The domain structure of the 421 amino acid TolA protein corresponds to a single pass transmembrane protein with a tight, α-helical domain (38) extending into the PP. Published work has shown that a −1 frameshift in tolA after I400 led to colE1 resistance (37), which agrees well with our data set showing a prevalence of tolA frameshifts that led to colE1 resistance (including XM_tolA_776642_GGCAA_G where translation falls out of frame after G359; Supplementary Table S2), and suggests that colE1 engages the C-terminus of tolA. This mechanistic insight is further supported by the fact that 67 out of a total of 108 tolQRA mutations (62.0%) were in tolA (Figure 2B, top panel), which is a slight enrichment over the frequency expected based on coding region size alone (53.0%). Beyond the colE1-TolA interaction, proper activity of the entire TolQRA complex is required, as suggested previously (39) and as evinced by the causal cvrALL mutations for tolQ and tolR (Supplementary Table S2). TolQ has been implicated as a molecular motor for the Tol complex (39,40), while TolR is required to stabilize TolQ in the IM (39). In fact, TolRD23 mutations, which were previously shown to abolish the TolQ-TolR interaction and increase TolQ turnover [TolRD23A and TolRD23R (39)], were also seen in this data set (TolRD23G) and were determined to be causal when introduced by XM_tolR_775139_A_G (Supplementary Table S2). Taken together, these results validate the hypothesis that loss-of-function mutations in tolQRA lead to tolC counter-selection escape.
Engineering a strain with improved tolC counter-selection
Based on a mechanistic understanding of tolC counter-selection escape born from whole-genome re-sequencing, we hypothesized that duplicating the tolQRA operon would safeguard against loss-of-function mutations and make the tolC counter-selection more robust (Figure 3C). To guide insertion of the duplicated tolQRA operon, candidate destinations were chosen to be separated from the wild-type operon by at least one essential gene, reducing the chances of recA-mediated recombination between identical operons.

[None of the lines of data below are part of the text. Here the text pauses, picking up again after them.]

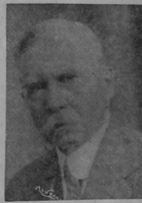
EXCELENTISIMO SEÑOR DOCTOR DON MARIANO VASQUEZ, Delegado por Honduras

Pienso que si la Unión se busca como el medio único de preservar la existencia de los Estados, todo interés debe posponerse a los grandes intereses de Centro América; por eso no he discutido fórmulas que más o menos tienden a mantener las condiciones creadas por los Estados
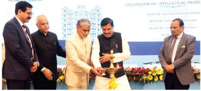
मुख्यमंत्री डॉ. मोहन यादव इंदौर में आयोजित बौद्धिक सम्पदा संगोष्ठी का वीप प्रज्वलित कर शुभारंभ करते हुये

इंदौर, इंदौर में आयोजित दो दिवसीय बौद्धिक सम्पदा संगोष्ठी में विचारों के अमृत मंथन से जो भी निष्कर्ष निकलेगा, उस निष्कर्ष पर मध्यप्रदेश सरकार व्यवस्था बनाने का कार्य करेगी। आने वाले समय में बौद्धिक सम्पदा कानून के संदर्भ में अनेक चुनौतियाँ हैं। ऐसे में उच्च न्यायालय द्वारा इस तरह की संगोष्ठी का आयोजन किया जाना एक सराहनीय पहल है। सर्वसुलभ और समदर्शी न्याय की सुलभता के लिए न्यायालिका से सम्बन्ध की कमी नहीं रहेगी। ये बातें मुख्यमंत्री डॉ. मोहन यादव
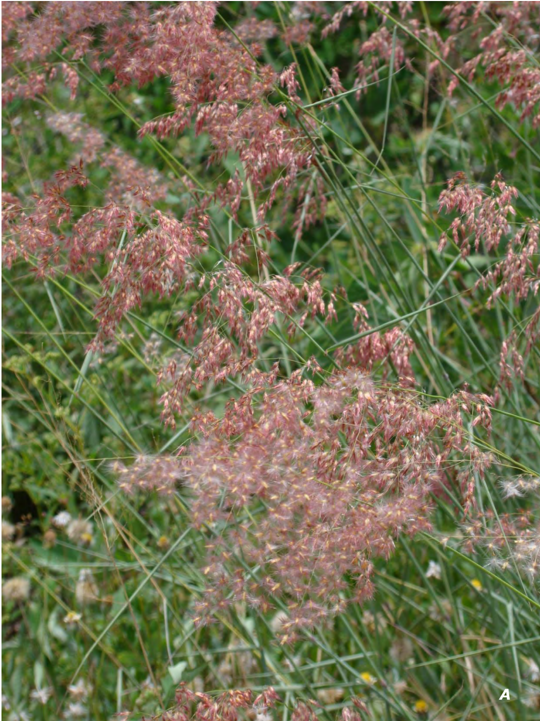
Melinis repens (Willd.) Zizka A inflorescencias/ inflorescences .
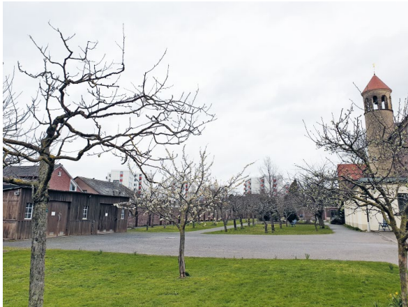
ABB. 1 Obstbaumanpflanzungen im Kapuzinergarten.

Die Gestaltung des Gartens orientiert sich nicht an der klassischen Einteilung von Klostergärten, wie etwa nach Inhaltsstoffen oder der
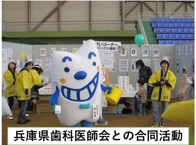
兵庫県歯科医師会との合同活動
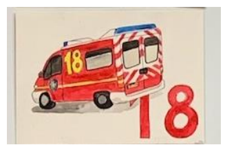
le SAMU (15) ou les pompiers (18)
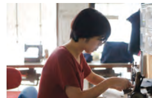
女性職人による傘作り
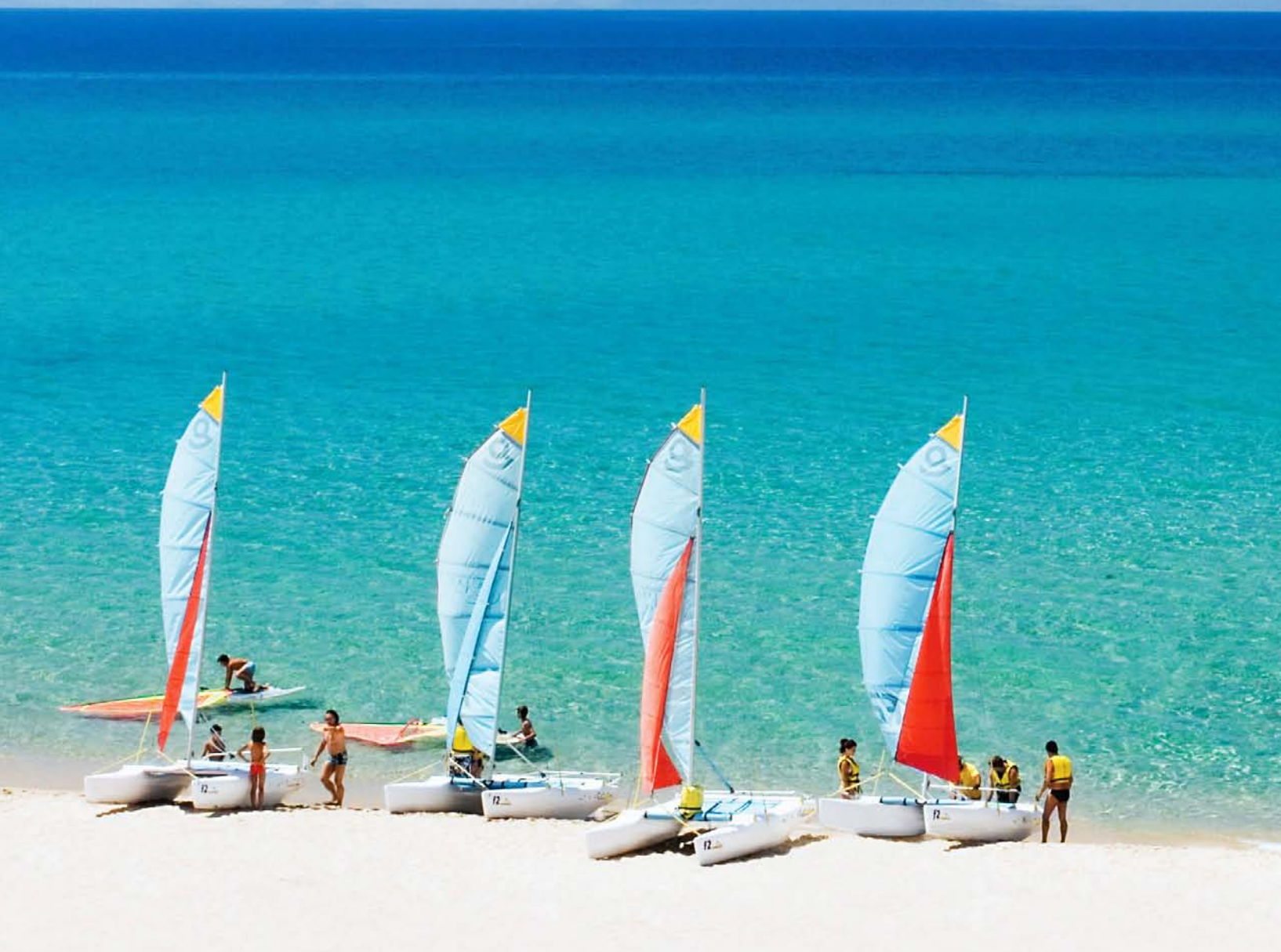
Spiaggia Resort & SPA Le Dune

hotels & resorts DELPHINA un Amico in Sardegna f t i
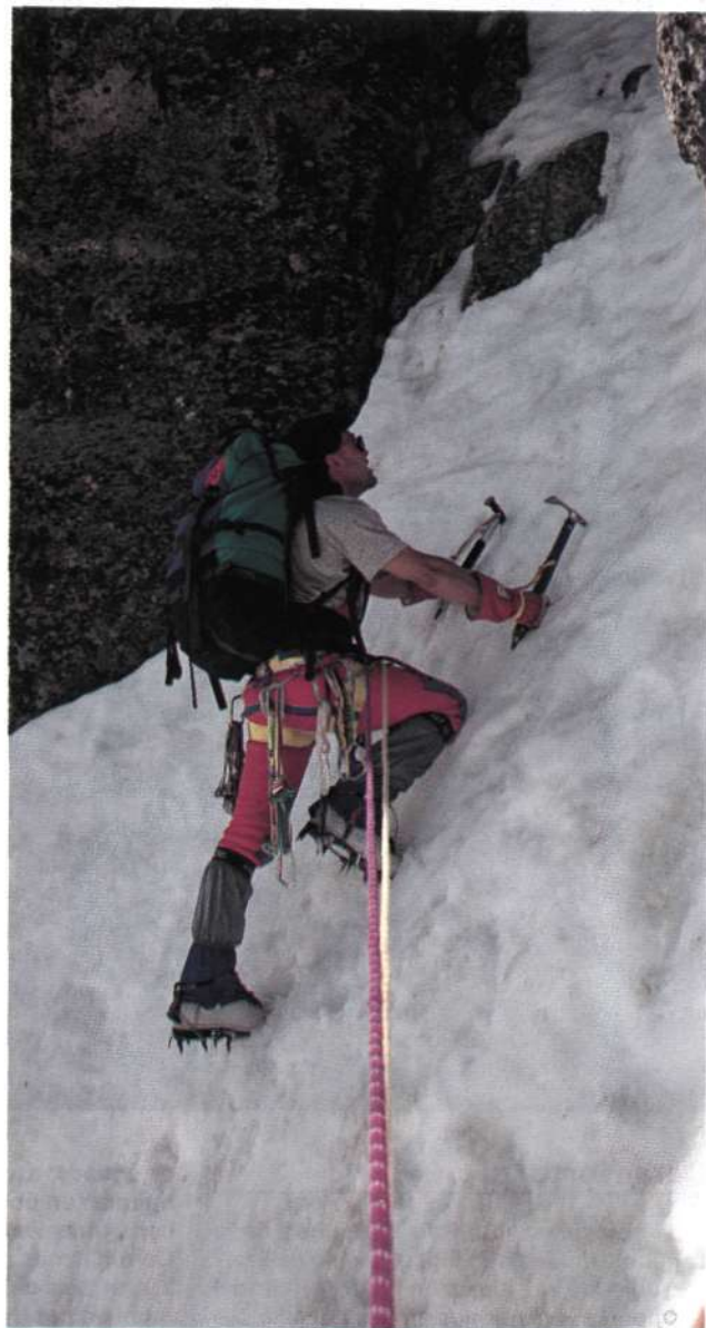
Escalando el Diedro Esteras.

We generated the tolQRA-duplicated strain, EcNR2.1255700::tolQRA.tolC+ and inoculated 32 replicates of 106 mid-log EcNR2.tolC+ or EcNR2.1255700::tolQRA.tolC+ (tolQRA duplicated) cell into LBL plus colE1 to analyze growth. All EcNR2.tolC+ replicates escaped, attaining OD600 = 0.4 at 781.1 ± 18.2 min (mean ± stdev), whereas only 1 of the 32 EcNR2.1255700::tolQRA replicates grew over the 48 h course (OD600 = 0.4 at 919.5 min). This demonstrates that tolQRA duplication protects against tolC counter-selection escape. Importantly, tolQRA duplication led to no apparent phenotypes in growth or recombination.
tolQRA duplication enables stable CoS-MAGE cycling
Leveraging reduced tolC counter-selection escape, we attempted to perform continuous stable CoS-MAGE cycling on a tolQRA-duplicated version of a recently optimized strain (22,23). However, because Nuc5−-based strains exhibit a slow recovery phenotype after recombination (22), this modification is not suited for cycling. By individually reverting each inactivated nuclease in Nuc5−, we determined that recJ reversion reduced this recovery phenotype (Figure 3A) without compromising the improved MAGE performance seen in the Nuc5- background (Figure 3B, see Supplement for our complete line of reasoning and discussion of these data). We defined EcNR2.ΔtolC.dnaG_Q576A.exoX-.xonA-.xseA- as EcM1.0 (for E. coli MAGE-optimized), then duplicated tolQRA in EcM1.0 to produce EcM2.0.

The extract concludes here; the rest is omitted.